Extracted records
-=-=-
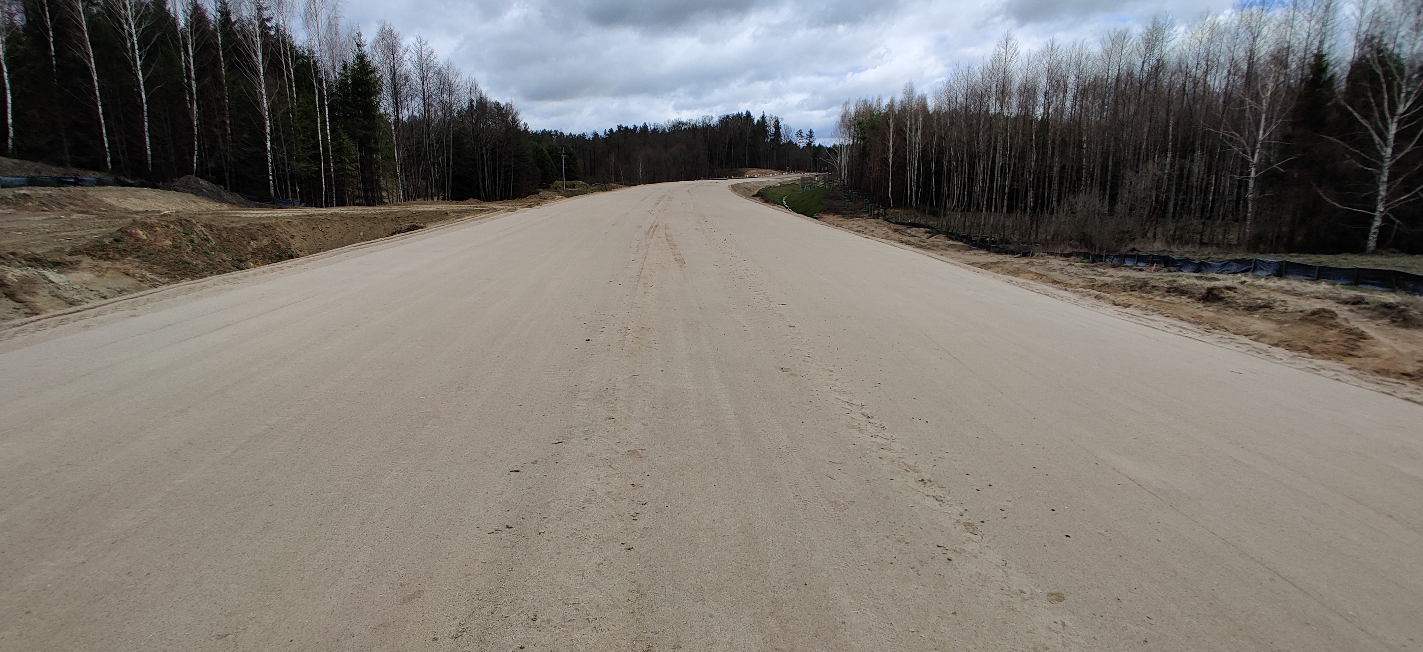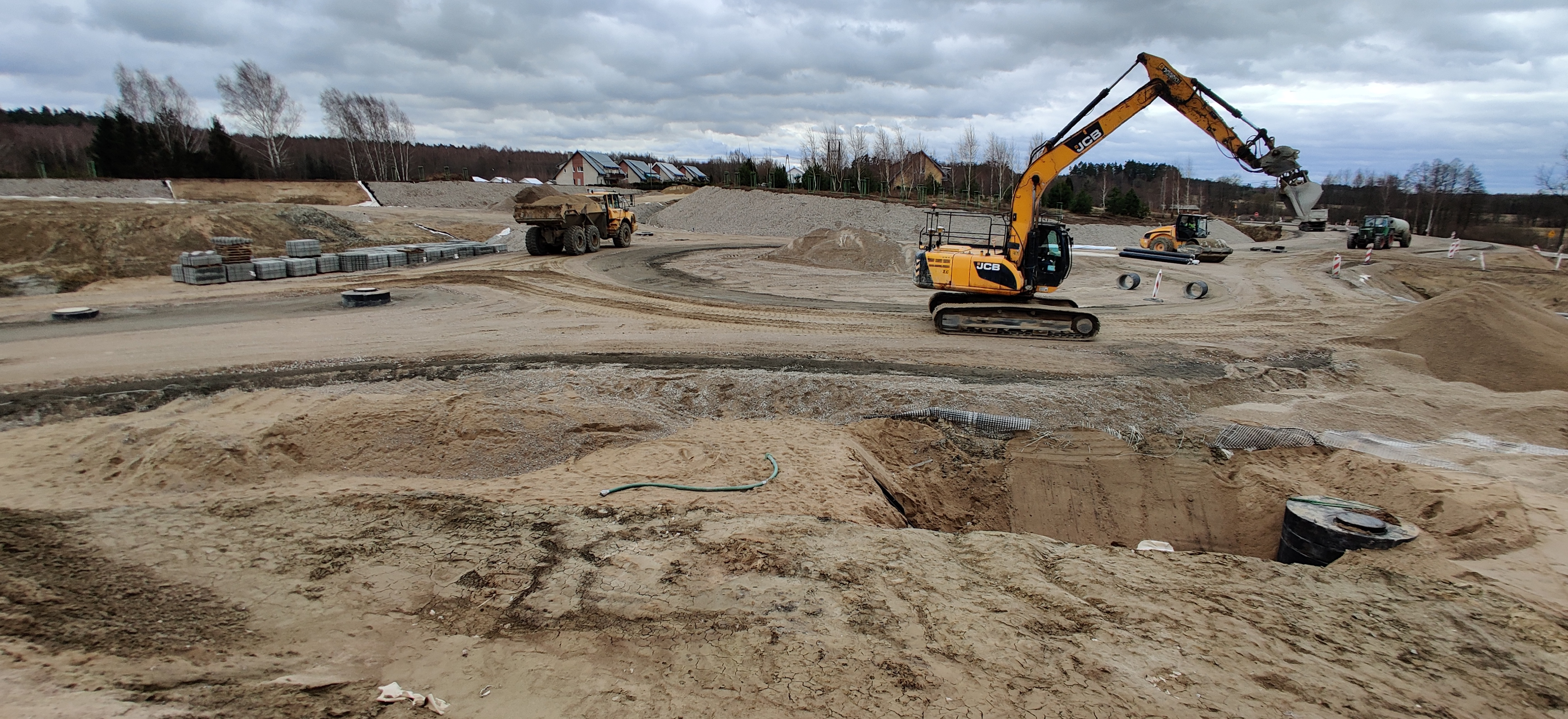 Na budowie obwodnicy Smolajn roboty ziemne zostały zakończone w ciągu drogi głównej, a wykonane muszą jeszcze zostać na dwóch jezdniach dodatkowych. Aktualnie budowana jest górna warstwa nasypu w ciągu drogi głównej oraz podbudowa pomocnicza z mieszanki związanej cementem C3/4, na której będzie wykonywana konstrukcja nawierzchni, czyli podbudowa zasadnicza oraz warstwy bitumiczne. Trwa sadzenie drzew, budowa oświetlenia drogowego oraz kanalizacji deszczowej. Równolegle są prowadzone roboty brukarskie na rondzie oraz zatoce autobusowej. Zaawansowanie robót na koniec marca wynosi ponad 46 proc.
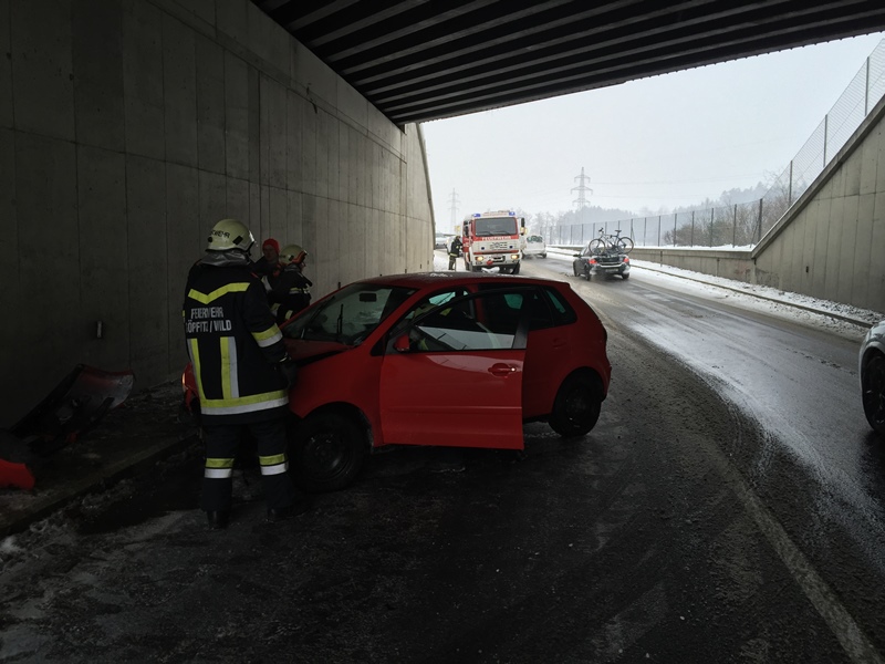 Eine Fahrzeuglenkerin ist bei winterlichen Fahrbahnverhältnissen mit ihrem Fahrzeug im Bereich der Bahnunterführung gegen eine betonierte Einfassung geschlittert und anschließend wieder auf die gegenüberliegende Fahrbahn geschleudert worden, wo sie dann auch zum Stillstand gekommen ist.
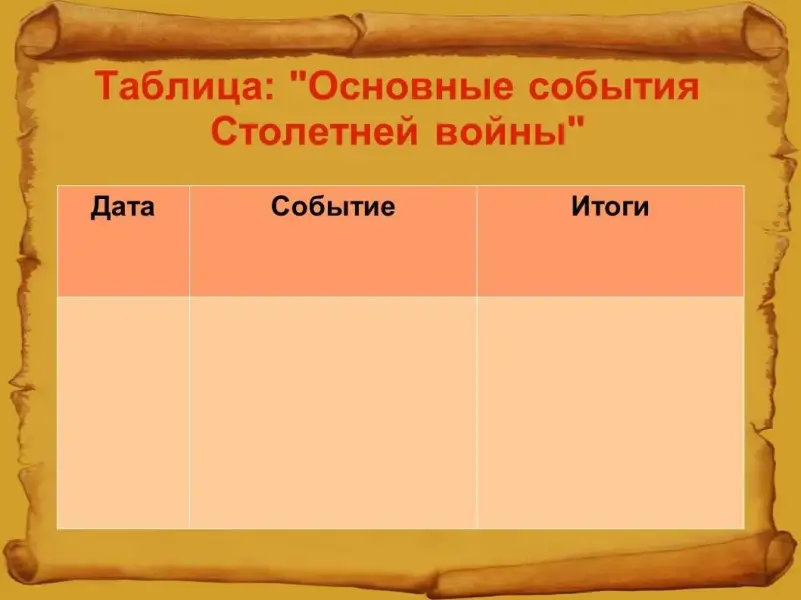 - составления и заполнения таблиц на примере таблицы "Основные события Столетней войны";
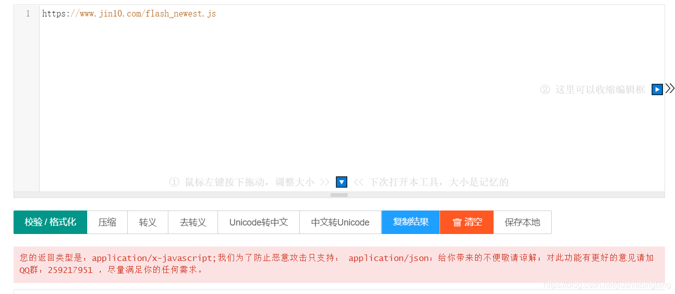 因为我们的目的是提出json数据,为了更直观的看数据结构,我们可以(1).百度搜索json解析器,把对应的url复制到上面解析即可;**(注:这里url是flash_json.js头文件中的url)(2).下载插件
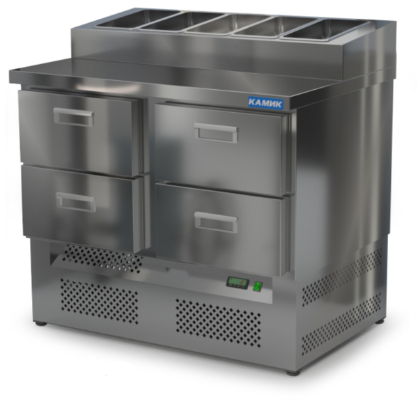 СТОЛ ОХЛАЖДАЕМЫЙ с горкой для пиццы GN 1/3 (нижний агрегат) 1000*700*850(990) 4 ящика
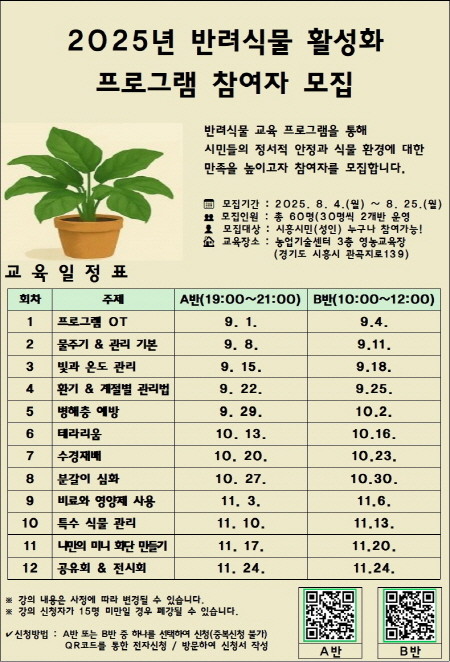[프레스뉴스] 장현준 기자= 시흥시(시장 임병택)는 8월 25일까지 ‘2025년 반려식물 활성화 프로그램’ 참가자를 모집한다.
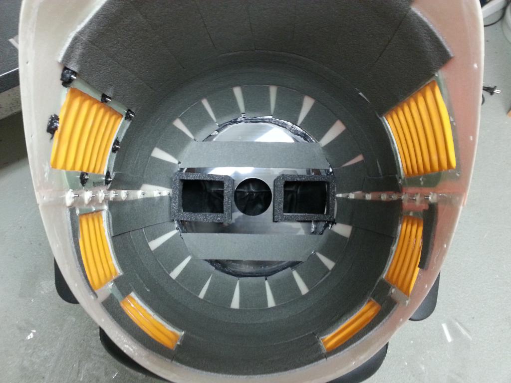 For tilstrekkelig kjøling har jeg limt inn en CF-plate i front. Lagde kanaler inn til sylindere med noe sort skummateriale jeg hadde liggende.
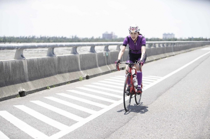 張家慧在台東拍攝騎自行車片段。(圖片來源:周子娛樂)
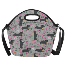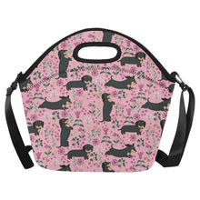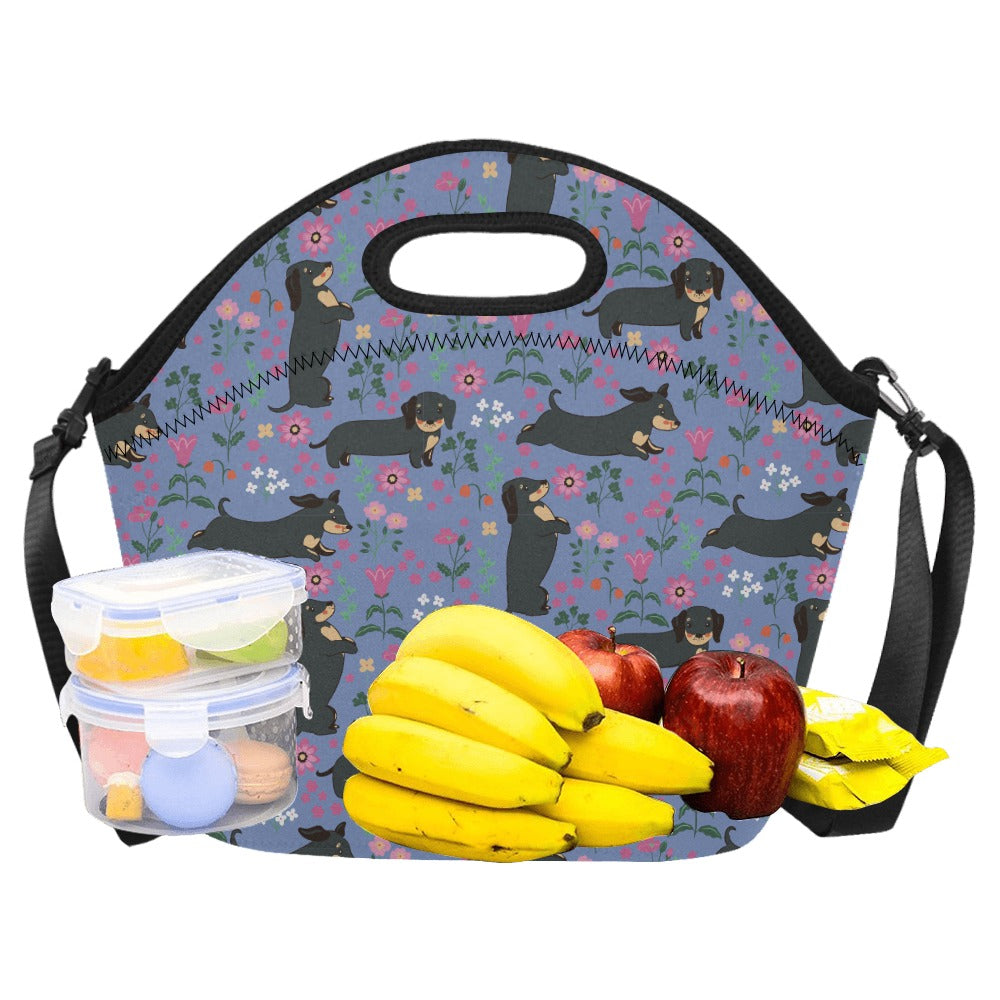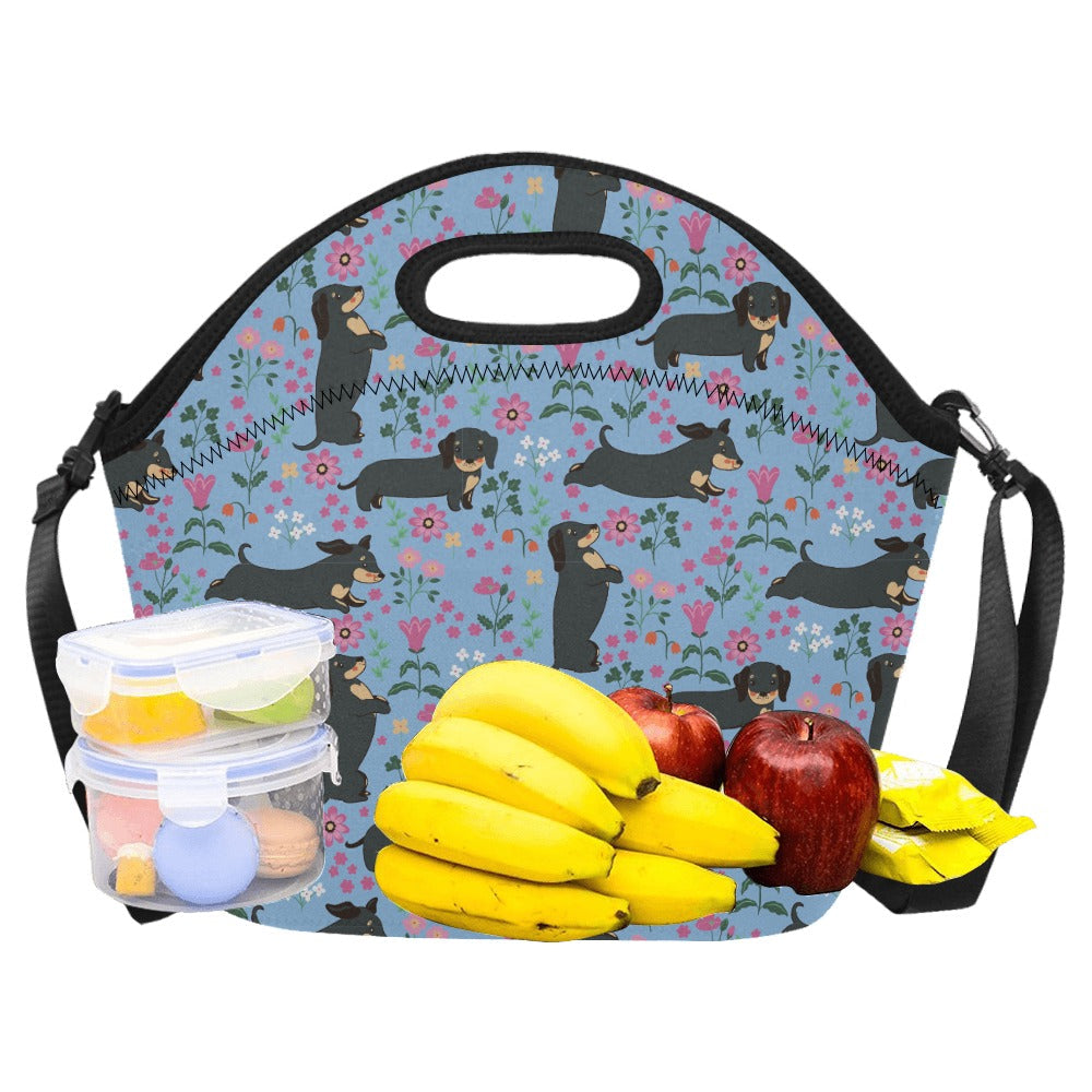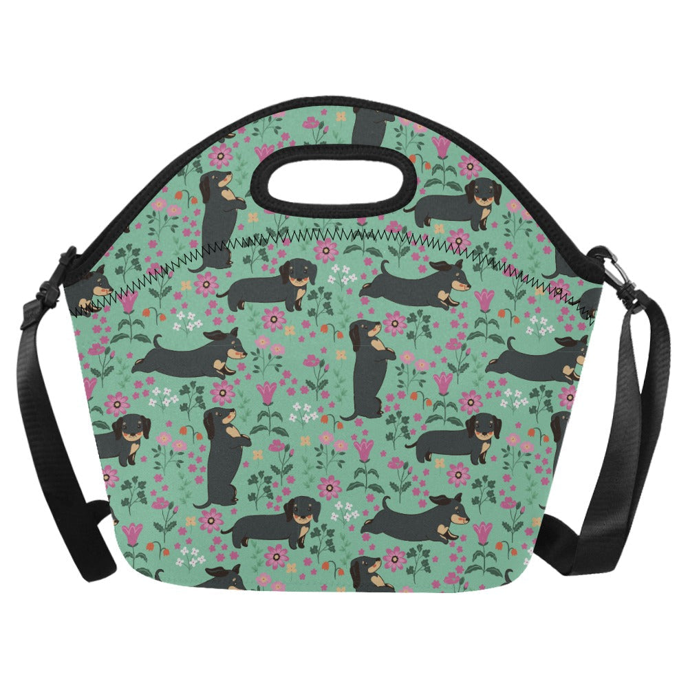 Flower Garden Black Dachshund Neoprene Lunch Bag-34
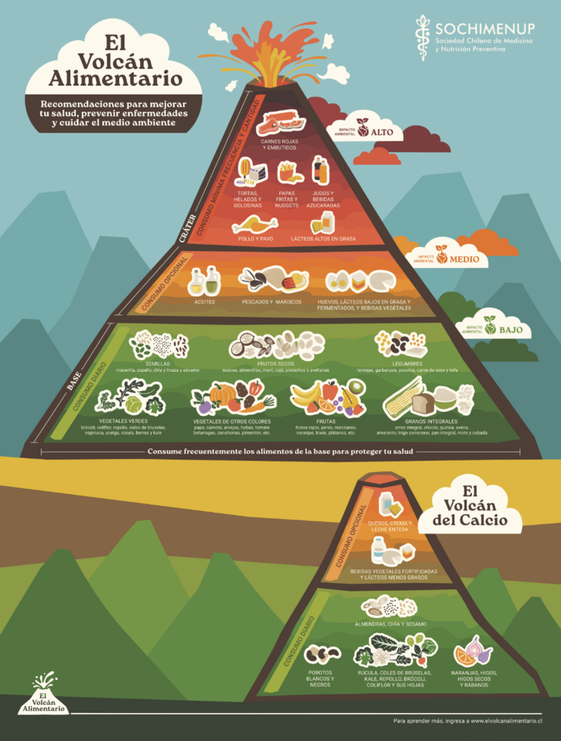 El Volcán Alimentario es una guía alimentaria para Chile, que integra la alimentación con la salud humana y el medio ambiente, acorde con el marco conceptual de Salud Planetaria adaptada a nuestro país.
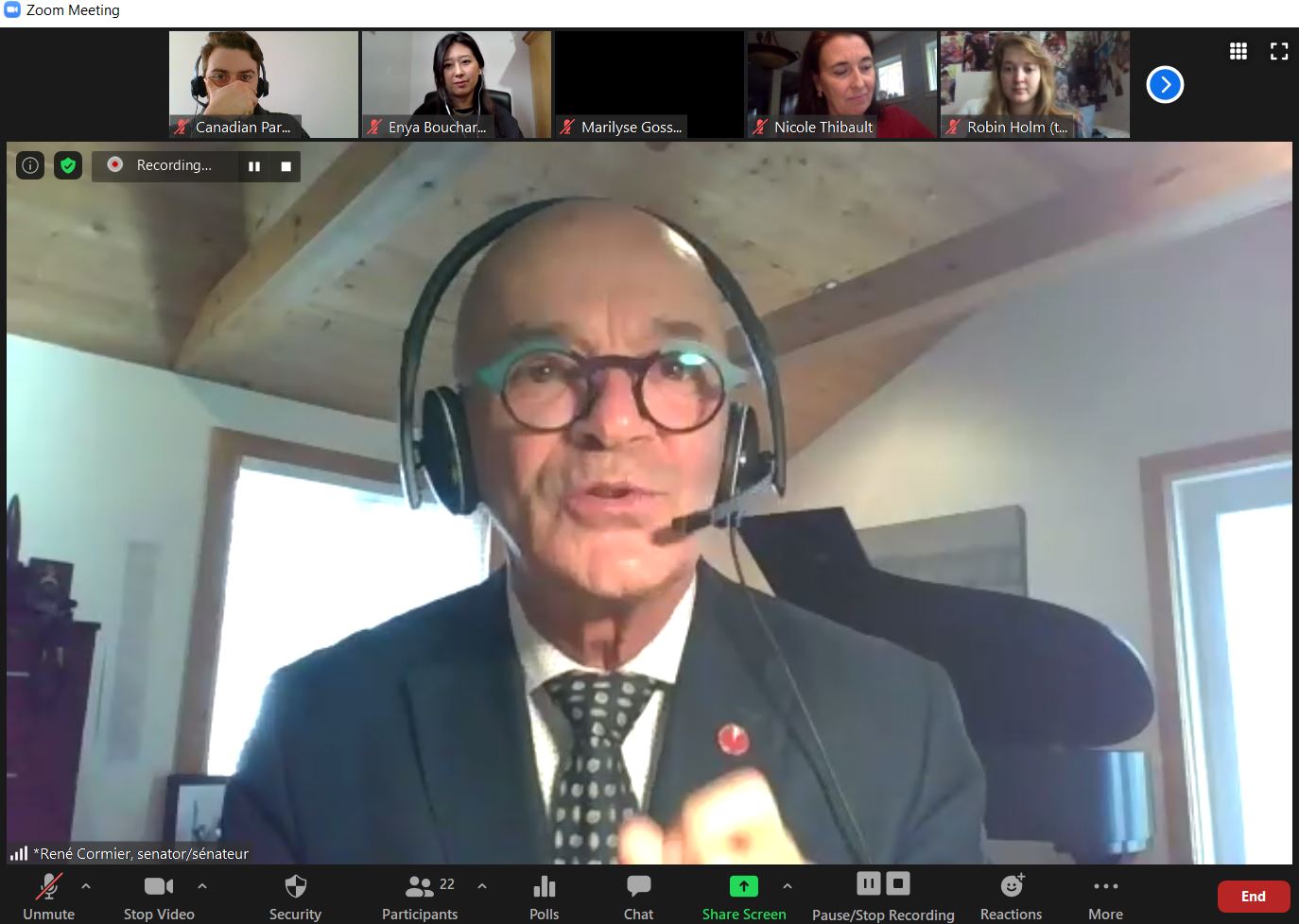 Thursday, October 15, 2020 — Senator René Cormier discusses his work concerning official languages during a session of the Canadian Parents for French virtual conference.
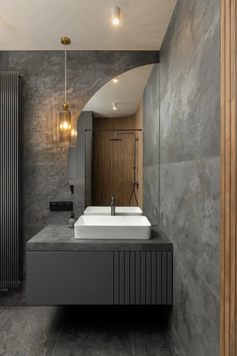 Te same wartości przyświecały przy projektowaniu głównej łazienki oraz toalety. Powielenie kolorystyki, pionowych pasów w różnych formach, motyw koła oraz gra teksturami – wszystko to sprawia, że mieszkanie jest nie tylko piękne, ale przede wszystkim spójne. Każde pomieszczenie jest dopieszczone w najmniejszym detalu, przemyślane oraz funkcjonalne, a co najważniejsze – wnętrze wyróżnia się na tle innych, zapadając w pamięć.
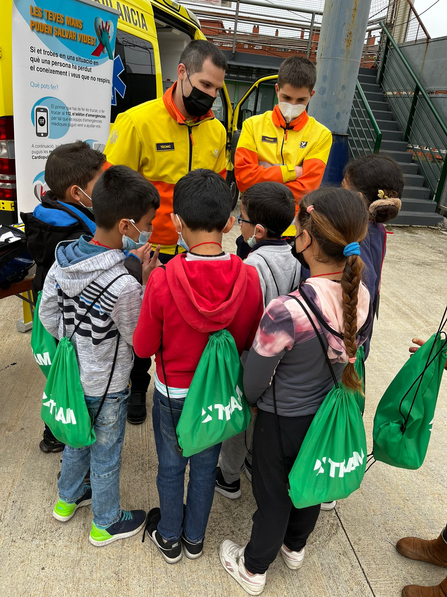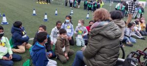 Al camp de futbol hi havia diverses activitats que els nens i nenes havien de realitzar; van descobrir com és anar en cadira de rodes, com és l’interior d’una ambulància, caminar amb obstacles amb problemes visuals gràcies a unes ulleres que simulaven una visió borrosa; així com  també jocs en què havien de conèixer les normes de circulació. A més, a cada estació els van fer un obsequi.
-=-=-
### PROMPT
When copying from the data above, begin at the line containing "El Volcán Alimentario" and end at the line containing "Te same wartości"; return those lines exactly and leave all pictures behind.

### EXPECTED ANSWER
 El Volcán Alimentario es una guía alimentaria para Chile, que integra la alimentación con la salud humana y el medio ambiente, acorde con el marco conceptual de Salud Planetaria adaptada a nuestro país.
 Thursday, October 15, 2020 — Senator René Cormier discusses his work concerning official languages during a session of the Canadian Parents for French virtual conference.
 Te same wartości przyświecały przy projektowaniu głównej łazienki oraz toalety. Powielenie kolorystyki, pionowych pasów w różnych formach, motyw koła oraz gra teksturami – wszystko to sprawia, że mieszkanie jest nie tylko piękne, ale przede wszystkim spójne. Każde pomieszczenie jest dopieszczone w najmniejszym detalu, przemyślane oraz funkcjonalne, a co najważniejsze – wnętrze wyróżnia się na tle innych, zapadając w pamięć.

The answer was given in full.